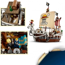 Súčasťou je päť minifigúrok: Monkey D. Luffy (na galióne s ukrytým dielom), Zoro, Nami (pri kormidle so svojimi mandarínkami), Usopp (na sťažni v bocmanovom koši) a Sanji (smerujúci do kuchyne). Nechýbajú ani plagáty s hľadanými a možnosť rozšíriť zábavu vďaka aplikácii LEGO Builder s 3D náhľadmi, otáčaním modelu a sledovaním postupu.
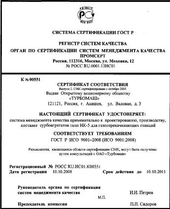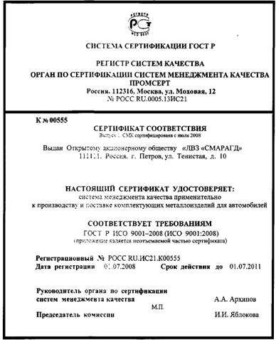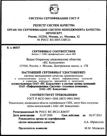 (ПОДТВЕРЖДЕНИЕ СООТВЕТСТВИЯ) ТРЕБОВАНИЯМ ГОСТ Р ИСО 9001-2008 (ИСО 9001:2008)
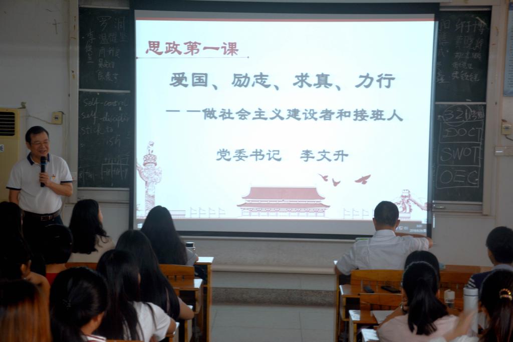 按照广东省委教工委的部署,为继续深入学习贯彻习近平新时代中国特色社会主义思想和党的十九大精神,9月29日上午,太阳成官网党委书记李文升在教学楼BT31为132名大二学生带来以“爱国 励志 求真 力行——做社会主义建设者和接班人”为主题的第一堂思想政治理论课。
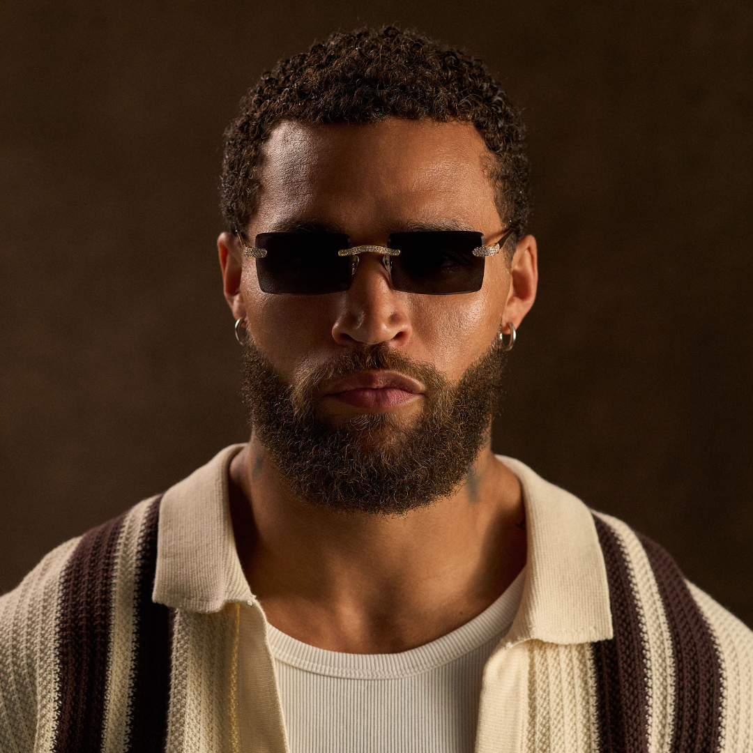 The frame that defined James Oro — now reimagined with a bold, brilliant edge. Its refined rectangular lenses and sleek metal chassis meet the radiance of precision-set cubic zirconia, designed to catch light from every angle.
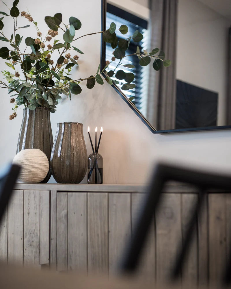 A translucent smoky gray vase that brings a subtle touch of mood to any interior decor.
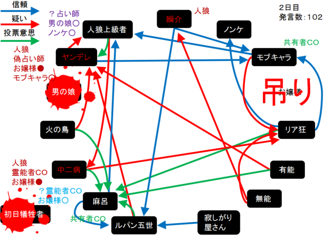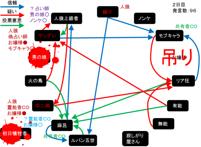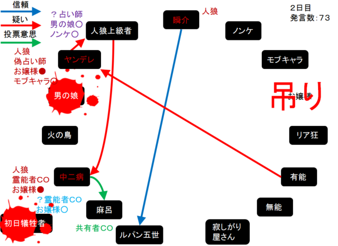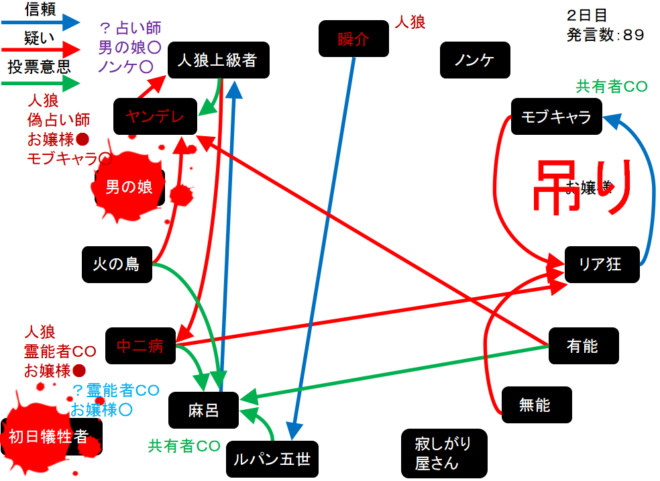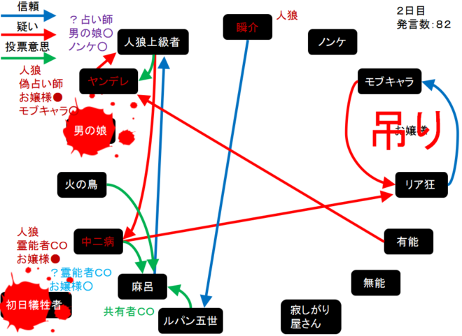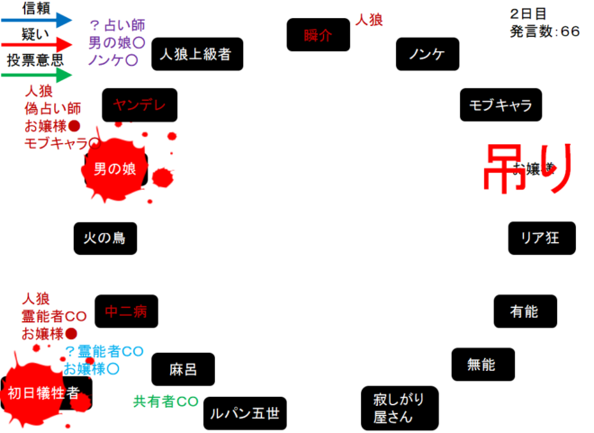瞬介「噛み先は男の娘に決定した(上の図)。そしてヤンデレの偽占い結果はモブキャラ○、中二病の偽霊能結果はお嬢様●だ」
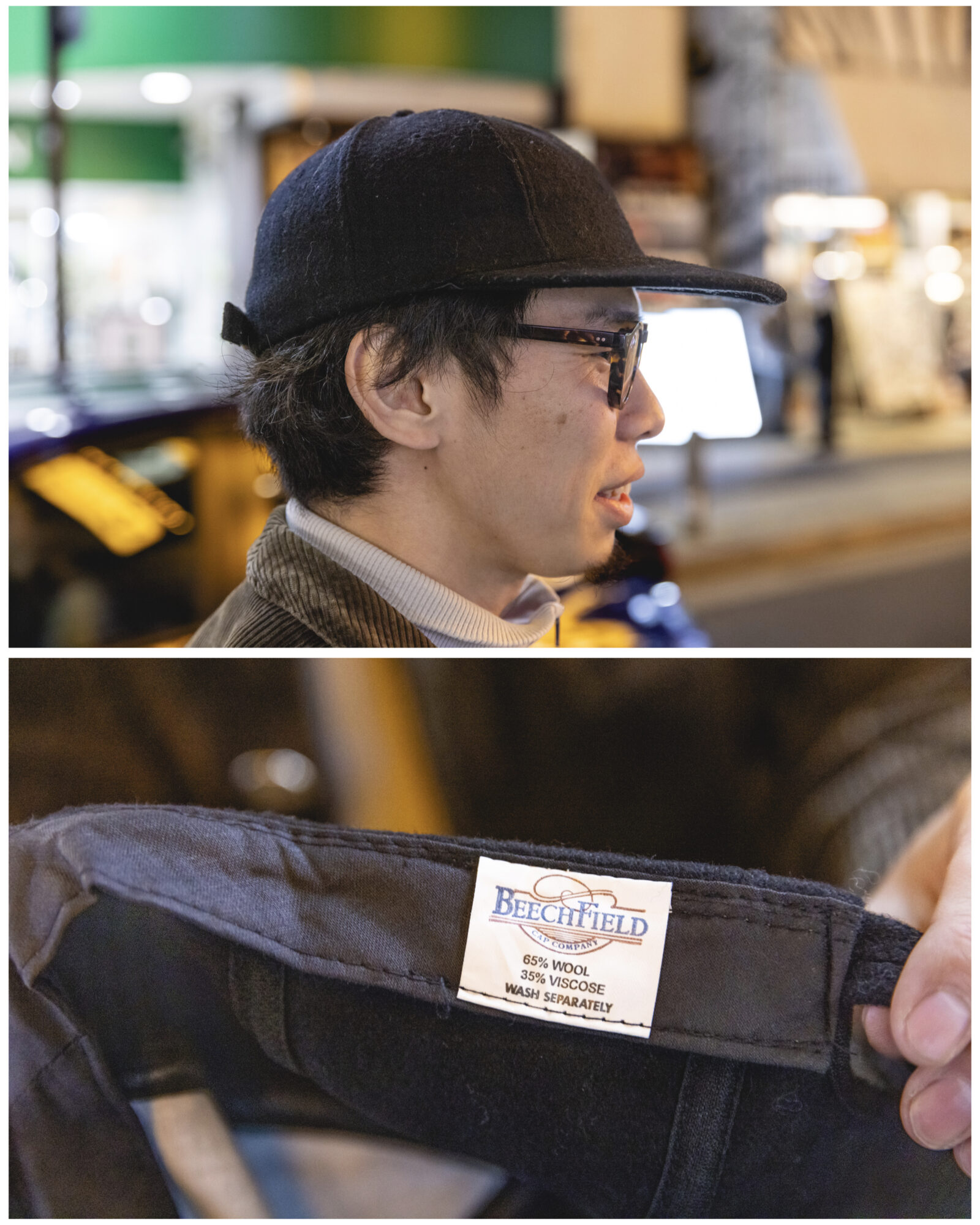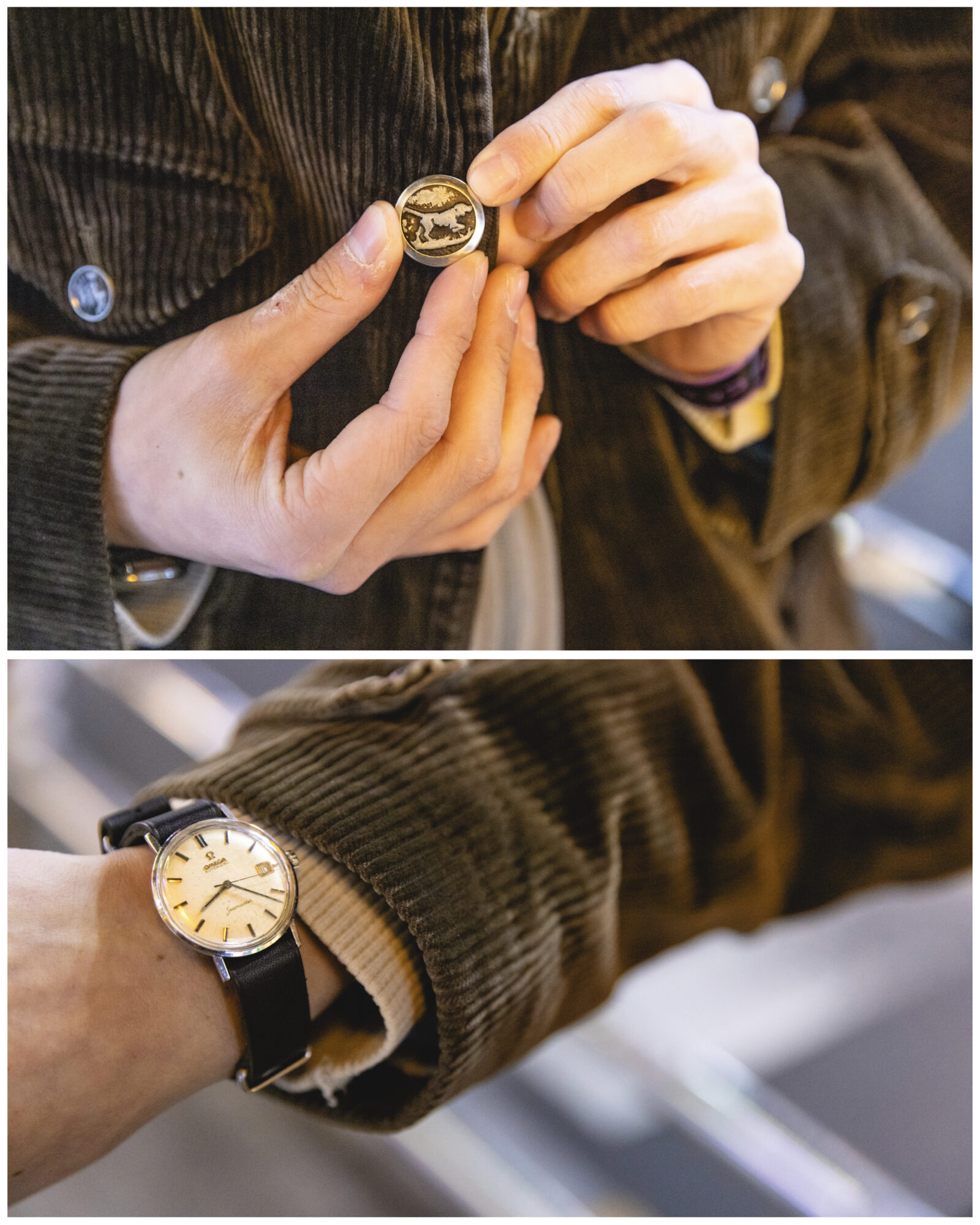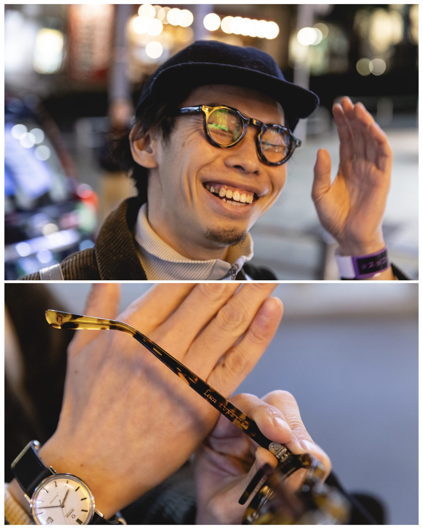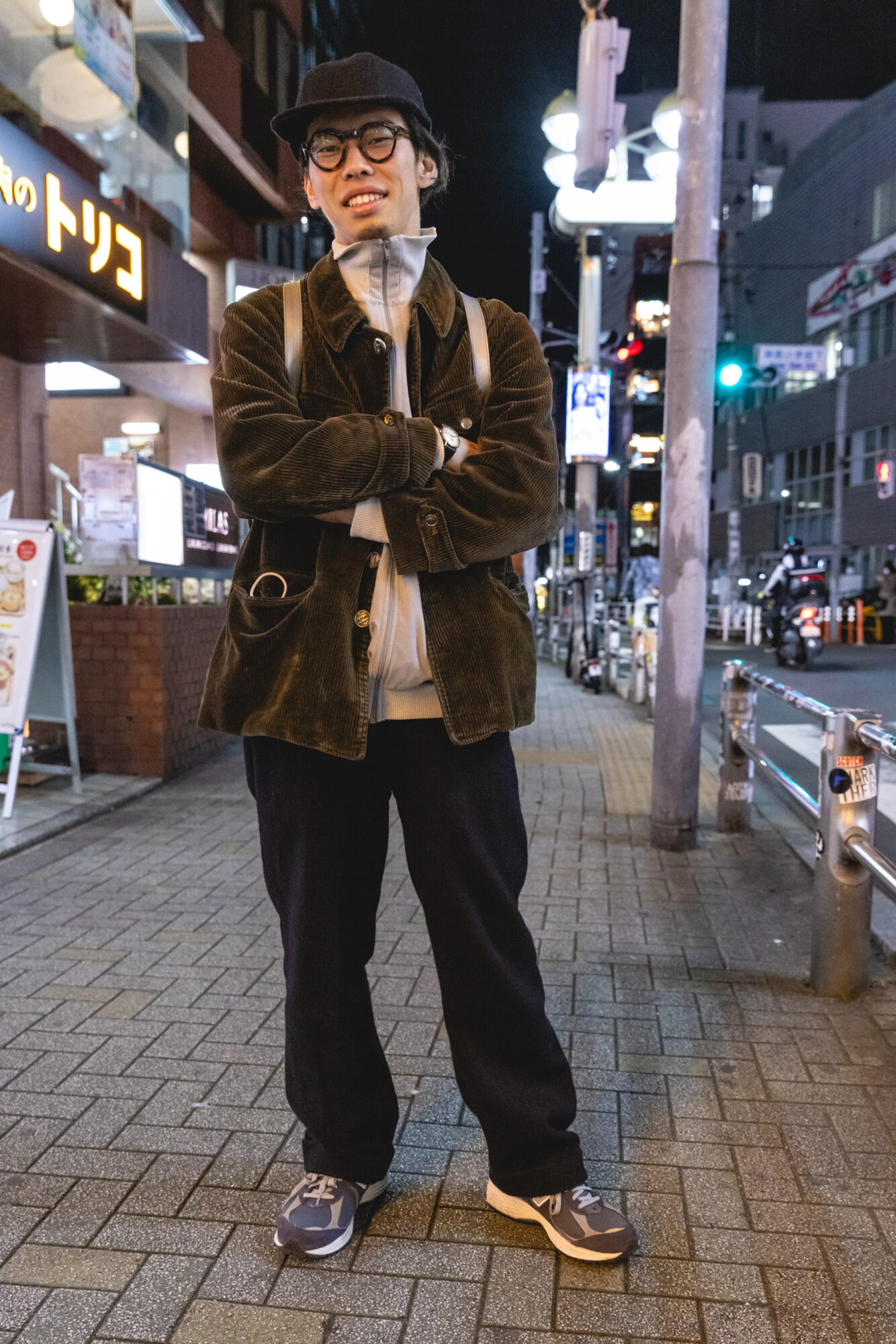 So when I asked Daisuke to tell me a little about himself, he explained that he was into fashion, vintage fashion, specifically French vintage fashion, and when I took a step back to check out his digs with a bit more of a discerning eye, it all became more clear. Daisuke was wearing a beautiful French corduroy hunting jacket from the 30’s for 40’s, replete with hounds buttons! He also sported some vintage British Navy trousers and a seemingly matching wool hat. Handmade-in-France circa 70’s chunky tortoise eyeglass frames from “Lesca” matched a gorgeous automatic Omega Seamaster Date, while some sensible (but no doubt spendy) New Balance 990s went well for a preppy look with the Freitag bag (perfect record-sized).
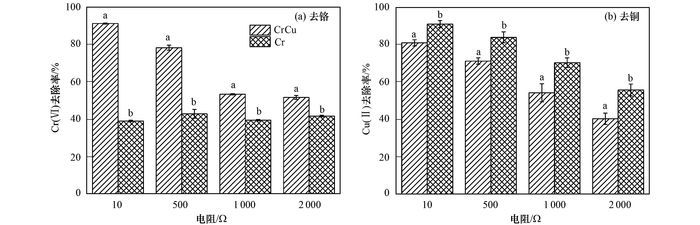(2) 選取Cr(Ⅵ)/Cu(Ⅱ)濃度配比為1:4, 在所設置外電阻(10、500、1 000、2 000 Ω)條件下, Cu(Ⅱ)對MFC陰極去鉻的強化作用隨著外電阻的降低而顯著.在外電阻為10 Ω時, CrCu組MFC陰極Cr(Ⅵ)去除率達91.00%, 較Cr組提高了132.57%.
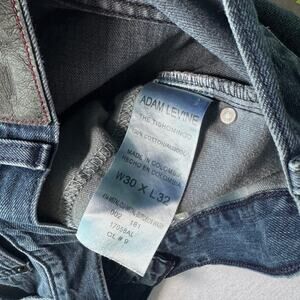 Adam Levine “The Tishomingo” men’s jeans in size 30x32100% cotton. Medium-dark wash denim with whiskering and front distressing. Five-pocket construction, button-and-zipper fly, and sturdy denim feel. Cuffs show some fraying and wear.
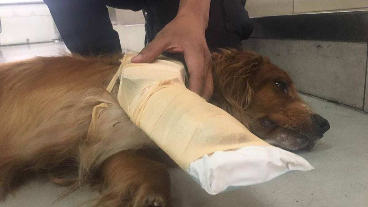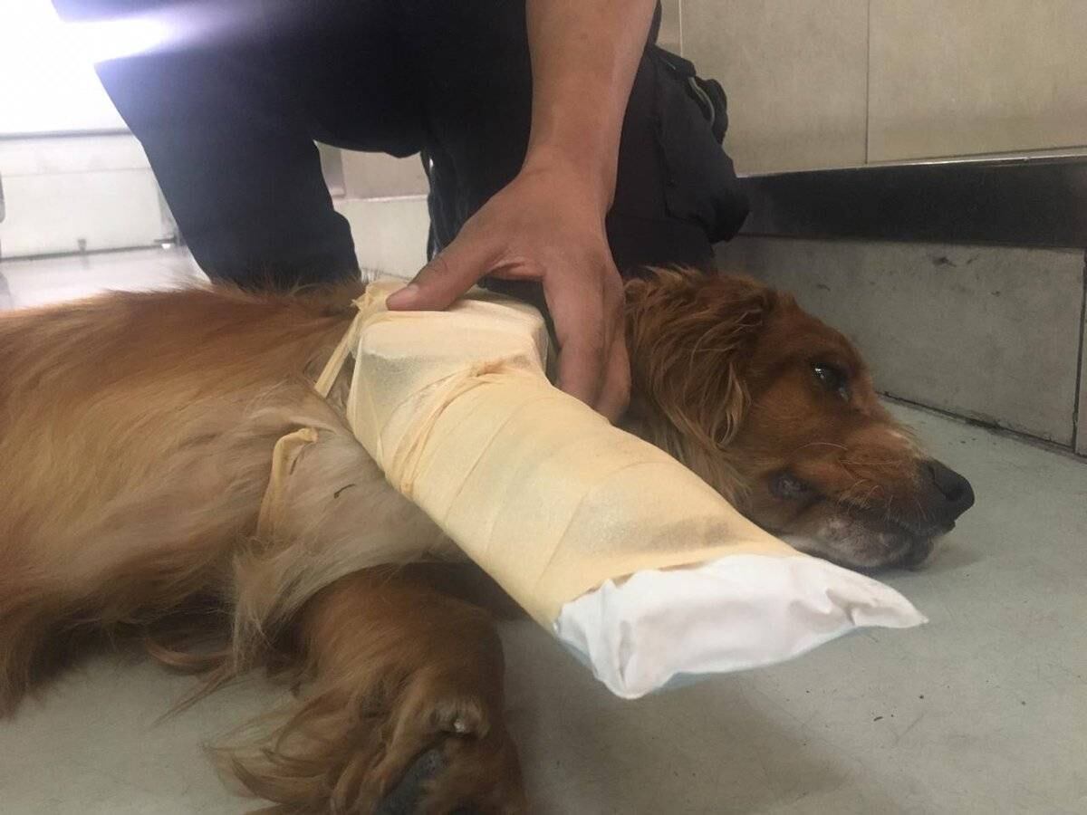 El can de color café quedó en manos de los socorristas municipales, quienes le curaron las heridas y fracturas. Y debido a que su pata derecha frontal fue la más lastimada durante el impacto, los bomberos le inmovilizaron con tablillas y vendas.
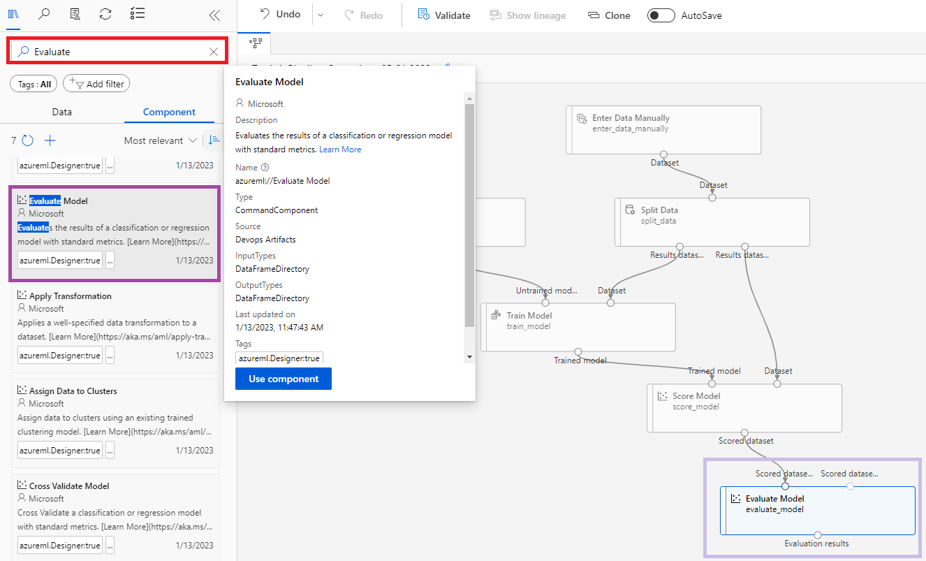 - 컴포넌트 검색창에 @[Evaluate]@을 검색한 후, @[Evaluate Model]@ 컴포넌트를 끌어온다. 그리고 아래 그림처럼 @[Score Model]@ 컴포넌트의 @Scored dataset@을 @[Evaluate Model]@ 컴포넌트에 연결해준다. 그리고 우측 상단의 @[Submit]@ 버튼을 클릭한다.
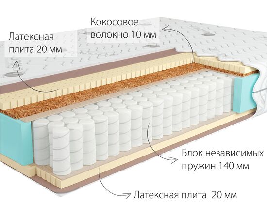 Современный матрас средней жесткости на блоке независимых пружин. Модель привлекательна своей долговечностью и практичностью. Лучшие свойства натуральных материалов – латекса и кокосового волокна обеспечат длительное и приятное пользование этим матрасом.
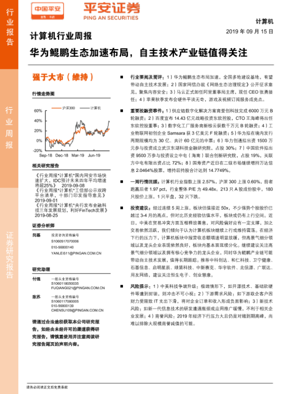 【平安证券】【20190915】计算机行业周报:华为鲲鹏生态加速布局,自主技术产业链值得关注-5页 行业研究
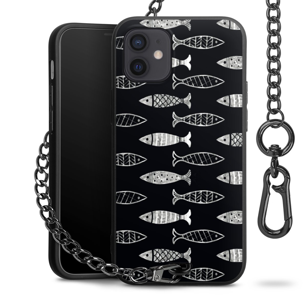 • Mattschwarze Handyhülle mit Metallkette

******************************

Images stay out, but the rest of the data above must be repeated exactly.

 Súčasťou je päť minifigúrok: Monkey D. Luffy (na galióne s ukrytým dielom), Zoro, Nami (pri kormidle so svojimi mandarínkami), Usopp (na sťažni v bocmanovom koši) a Sanji (smerujúci do kuchyne). Nechýbajú ani plagáty s hľadanými a možnosť rozšíriť zábavu vďaka aplikácii LEGO Builder s 3D náhľadmi, otáčaním modelu a sledovaním postupu.
 (ПОДТВЕРЖДЕНИЕ СООТВЕТСТВИЯ) ТРЕБОВАНИЯМ ГОСТ Р ИСО 9001-2008 (ИСО 9001:2008)
 按照广东省委教工委的部署,为继续深入学习贯彻习近平新时代中国特色社会主义思想和党的十九大精神,9月29日上午,太阳成官网党委书记李文升在教学楼BT31为132名大二学生带来以“爱国 励志 求真 力行——做社会主义建设者和接班人”为主题的第一堂思想政治理论课。
 The frame that defined James Oro — now reimagined with a bold, brilliant edge. Its refined rectangular lenses and sleek metal chassis meet the radiance of precision-set cubic zirconia, designed to catch light from every angle.
 A translucent smoky gray vase that brings a subtle touch of mood to any interior decor.
瞬介「噛み先は男の娘に決定した(上の図)。そしてヤンデレの偽占い結果はモブキャラ○、中二病の偽霊能結果はお嬢様●だ」
 So when I asked Daisuke to tell me a little about himself, he explained that he was into fashion, vintage fashion, specifically French vintage fashion, and when I took a step back to check out his digs with a bit more of a discerning eye, it all became more clear. Daisuke was wearing a beautiful French corduroy hunting jacket from the 30’s for 40’s, replete with hounds buttons! He also sported some vintage British Navy trousers and a seemingly matching wool hat. Handmade-in-France circa 70’s chunky tortoise eyeglass frames from “Lesca” matched a gorgeous automatic Omega Seamaster Date, while some sensible (but no doubt spendy) New Balance 990s went well for a preppy look with the Freitag bag (perfect record-sized).
(2) 選取Cr(Ⅵ)/Cu(Ⅱ)濃度配比為1:4, 在所設置外電阻(10、500、1 000、2 000 Ω)條件下, Cu(Ⅱ)對MFC陰極去鉻的強化作用隨著外電阻的降低而顯著.在外電阻為10 Ω時, CrCu組MFC陰極Cr(Ⅵ)去除率達91.00%, 較Cr組提高了132.57%.
 Adam Levine “The Tishomingo” men’s jeans in size 30x32100% cotton. Medium-dark wash denim with whiskering and front distressing. Five-pocket construction, button-and-zipper fly, and sturdy denim feel. Cuffs show some fraying and wear.
 El can de color café quedó en manos de los socorristas municipales, quienes le curaron las heridas y fracturas. Y debido a que su pata derecha frontal fue la más lastimada durante el impacto, los bomberos le inmovilizaron con tablillas y vendas.
 - 컴포넌트 검색창에 @[Evaluate]@을 검색한 후, @[Evaluate Model]@ 컴포넌트를 끌어온다. 그리고 아래 그림처럼 @[Score Model]@ 컴포넌트의 @Scored dataset@을 @[Evaluate Model]@ 컴포넌트에 연결해준다. 그리고 우측 상단의 @[Submit]@ 버튼을 클릭한다.
 Современный матрас средней жесткости на блоке независимых пружин. Модель привлекательна своей долговечностью и практичностью. Лучшие свойства натуральных материалов – латекса и кокосового волокна обеспечат длительное и приятное пользование этим матрасом.
 【平安证券】【20190915】计算机行业周报:华为鲲鹏生态加速布局,自主技术产业链值得关注-5页 行业研究
 • Mattschwarze Handyhülle mit Metallkette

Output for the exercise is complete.